Lo del «programa» es un concepto obsoleto que sobrevive solo por inercia y por guardar las formas. Se utilizaba mucho en otros tiempos, en que se creía que un partido era una cosa seria, que tenía unos fundamentos sólidos y una visión científica de lo que iba a suceder, de manera que resultaba fácil desgranar las «medidas concretas» del programa que llevarían inexorablemente a ese futuro preconcebido. Se hablaba de «programa máximo» y de «programa mínimo», y era tal el influjo hipnótico que ejercía la palabreja, que todos los partidos, aunque no fueran tan «científicos», tenían su correspondiente programa.

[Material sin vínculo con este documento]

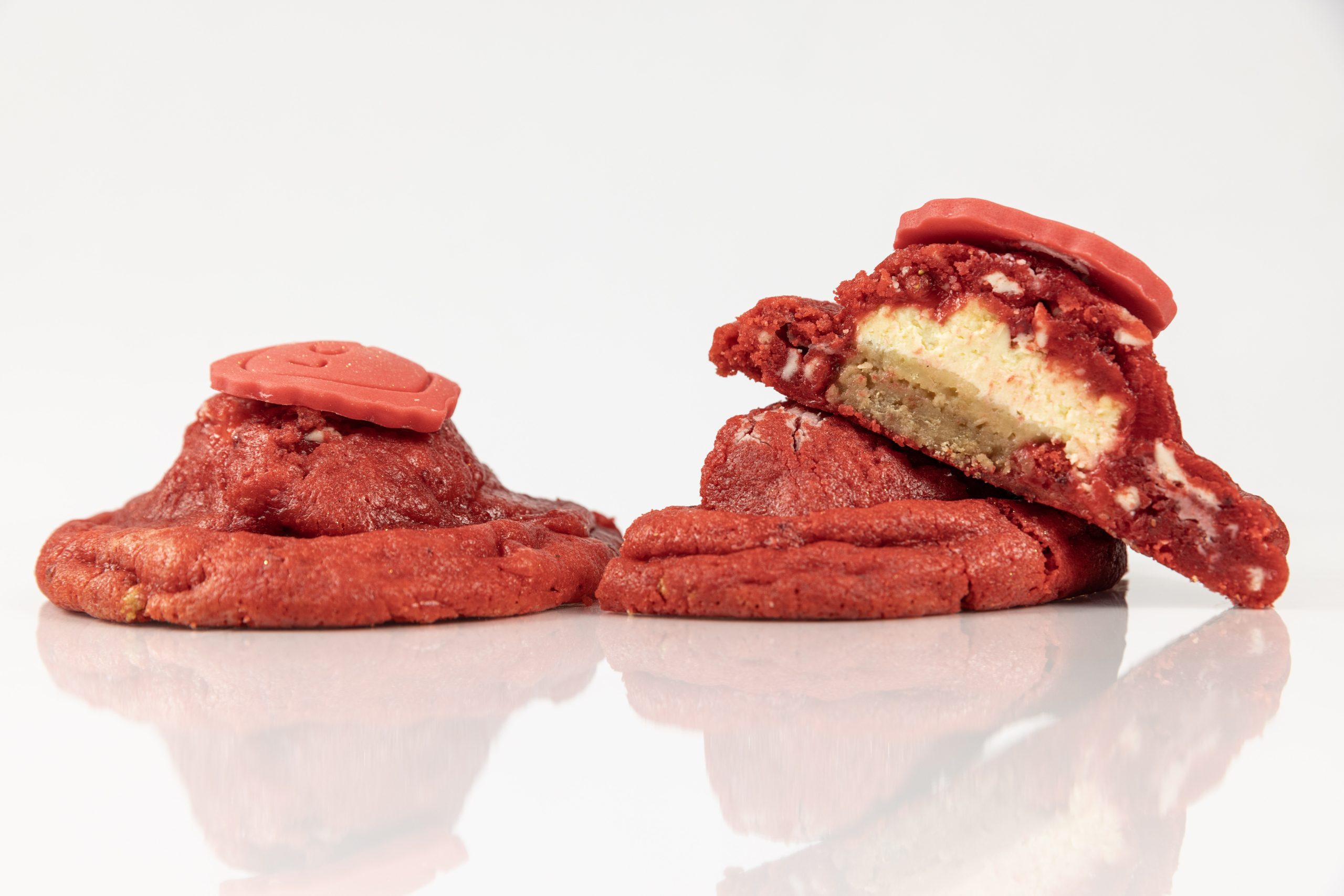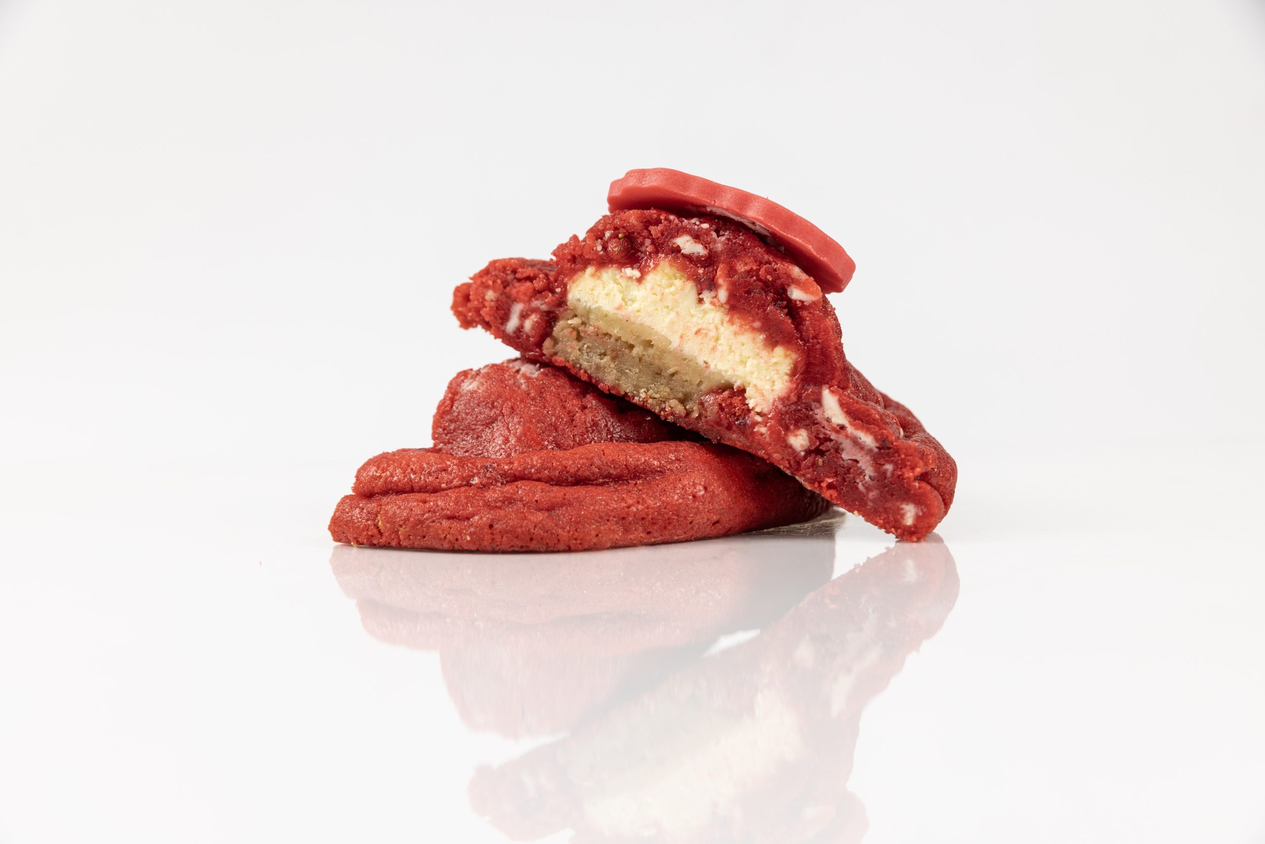 SLOŽENÍ: mouka, máslo, vejce, třtinový cukr, bílý cukr, vanilka, sůl, kypřící prášek, Fondán (cukr, glukózový sirup, pitná voda, rostlinné tuky (kokosový tuk, hydrogenovaný olej z palmových jader), modifikovaný bramborový škrob, zahušťovadlo: xanthanová guma, aroma, konzervant: sorban draselný, regulátor kyselosti: kyselina citronová), smetana (SMETANA, bakterie mléčného kysání.), tvaroh, Velvet bílá čokoláda, Ruby čokoláda, lyofilizovane jahody, lyofilizovane maliny, citron, zakysaná smetana, červené potravinářské barvivo (voda, sorbát draselný (E202), propylenglykol (E1520), barva (E124, E104)), potravinářský sprej s barevným efektem (E943a, E943b, E944, etanol, aroma, barvivo: E172. ), zlatý třpyt (protispékavá látka E555, barvivo E172) / Výrobek muže obsahovat stopy skořápkových plodů.

Pero, como les digo, lo del «programa» no es tan importante hoy en día. Es más, casi se puede prescindir de él. Y no por la razón de que los programas sean textos inéditos que nadie lee jamás, salvo expertos y profesionales, o porque repitan una y otra vez lo obvio, con pequeños cambios. No: es que la gente no espera, ni mucho menos exige, ni cree posible en el fondo que un programa se pueda cumplir al pie de la letra: la gente lo que pide es que su partido no le engañe, que actúe de acuerdo con unos valores y principios, y que resuelva con arreglo a ellos, a ser posible, las situaciones imprevistas que se presentan, que son casi todas. Lo que la gente pide es que el partido o el líder por el que vota sean fiables y competentes.

Lo dice Edgard Morin, el padre del «pensamiento complejo»: La noción de programa ya no sirve a estas alturas como instrumento de las organizaciones. Un programa, que es una secuencia de acciones encadenadas para alcanzar determinados objetivos, sólo funciona si las circunstancias del entorno no varían y si hay una burocracia adiestrada para llevarlo a cabo de modo automático, sin tener que reflexionar.

Sucede sin embargo que los entornos varían más rápidamente que los programas y que los propios partidos políticos, en este mundo preñado de incertidumbres y en transformación constante. Por otra parte hay cada vez más gente en los partidos que no se aviene a obedecer sin más lo que está programado: quiere ejercer su responsabilidad, incluso frente a su partido, si hay que elegir entre ésta y la aplicación ciega de un programa.

Por ello, la palabra clave al día de hoy es la de estrategia, que es la capacidad de elaborar los escenarios donde la acción política va a tener que desenvolverse. La estrategia, a diferencia del programa, se elabora teniendo en cuenta que lo nuevo, lo inesperado, está llamado a modificar y enriquecer la acción inicial. La estrategia no se basa en certezas sino que incluye lo aleatorio, los elementos adversos. Esto no quiere decir que haya que liberar a los partidos políticos de asumir compromisos concretos con el electorado: por el contrario, deben ser capaces de suscribir eso que se llama con razón un contrato con la ciudadanía, y hacer honor a lo que firman. Pero eso no invalida la plasticidad de la estrategia como categoría superior, que requiere que haya gentes en los partidos que en lugar de ser pesos muertos, burócratas de sillón y cabildeo, sean capaces de contribuir a su elaboración y desarrollo permanentes.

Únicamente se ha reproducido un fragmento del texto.